Categories such as staples , dairy products and packaged food led the growth of the sector in FY26. While commodities (staples) segment garnered value growth of 12.6 per cent, dairy segment’s growth was pegged at 12 per cent.

Packaged food segment’s value growth stood at 7.1 per cent and personal care segment’s value growth was pegged at 4.7 per cent.

Value growth of beverages and chocolates & confectioneries was in the range of 3.4 per cent -3.2 per cent. However, home care segment witnessed marginal decline in growth.



“Consumption trends in FY26 indicate a normalization phase rather than a broad-based recovery. While staples and dairy continue to show strong, stable growth, segments like personal care have improved year-on-year, indicating resilience in non-essential spending,” said Harshit Bora, Head of Analytics at Bizom.

“However, overall growth remains lower than FY25 and uneven across categories, with segments such as chocolates and confectionery still under pressure. The market is transitioning into a phase of selective, category-specific growth driven by evolving consumer priorities and value consciousness,” he added.

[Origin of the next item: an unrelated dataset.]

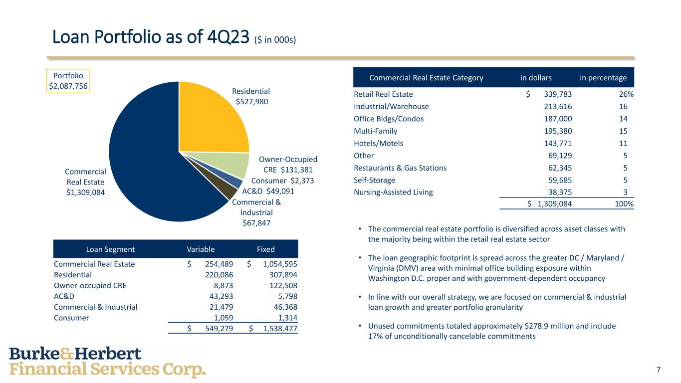 6 Company Overview • The Bank was founded in 1852, making us the oldest, continuously operating Bank in Virginia • Our primary market area includes Virginia / Maryland / DC with 23 branches throughout Northern Virginia and Richmond • The Bank also offers a full suite of wealth management, trust, and private banking services as well as a digital investing program • As of December 31, 2023, we had 400 employees Overview Financial Performance (1) Non-GAAP measure. All non-GAAP reconciliations are provided in the appendix. 2023 Highlights • On April 26, 2023, the Company’s Common Stock began trading on Nasdaq • On August 24, 2023, the Company announced a merger of equals with Summit Financial Group, Inc. of Moorefield, WV • On December 6, 2023, the Company and Summit Financial Group, Inc. announced that their respective shareholders approved the proposed merger, which remains subject to regulatory approvals and certain other customary closing conditions • Total loans increased to $2.1 billion, an 11% increase from December 31, 2022 • Total deposits remained relatively stable, ending the year at $3 billion • The Company continues to be well-capitalized with a 16.9% Common Equity Tier 1 (CET1) ratio, a 17.9% total capital ratio, and a leverage ratio of 11.3% FY20 FY21 FY22 FY23 Assets 3,425$ 3,622$ 3,563$ 3,618$ Gross Loans, (excluding HFS loans) 1,834 1,745 1,887 2,088 Investments 1,160 1,606 1,372 1,248 Deposits 2,789 2,933 2,920 3,002 Equity 385 390 273 315 Net Interest Income 89,716$ 96,603$ 103,692$ 93,759$ Non-Interest Income 19,004 17,251 17,087 17,952 Total Revenue1 108,720 113,854 120,779 111,711 Non-Interest Expense 67,633 74,414 75,946 86,436 Net Income 26,499 36,165 44,013 22,692 Return on Avg. Assets 0.82 1.02 1.24 0.63 Return on Avg. Equity 7.23 9.35 14.28 8.00 Net Interest Margin1 3.03 2.97 3.19 2.85 Efficiency Ratio 62.21 65.36 62.88 77.37 Loan-to-Deposit Ratio 65.74 59.49 64.62 69.55 Diluted Earnings 3.55$ 4.87$ 5.89$ 3.02$ Cash Dividend 2.00 2.00 2.12 2.12 Tangible Book Value (TBV)1 51.67 52.48 36.82 42.37 TBV (ex. securities AOCI)1 47.79 50.74 54.45 55.57 Balance Sheet Highlights (millions) Income Statement Highlights (thousands) Profitability Metrics (percentage) Per Share Metrics

In terms of March quarter alone, Bizom estimated the FMCG sector’s value growth at 3.6 per cent led by non-urban regions (5 per cent value growth). Urban region’s FMCG value growth was pegged at 1.2 per cent. Categories such as packaged foods, dairy products and beverages led the sector’s growth in the March quarter.

Some FMCG firms in their earning preview have stated that they saw improvement in volume growth during the March quarter and rural demand remained resilient. However, consumer product companies are witnessing challenges of rising raw material costs due to the West Asia conflict.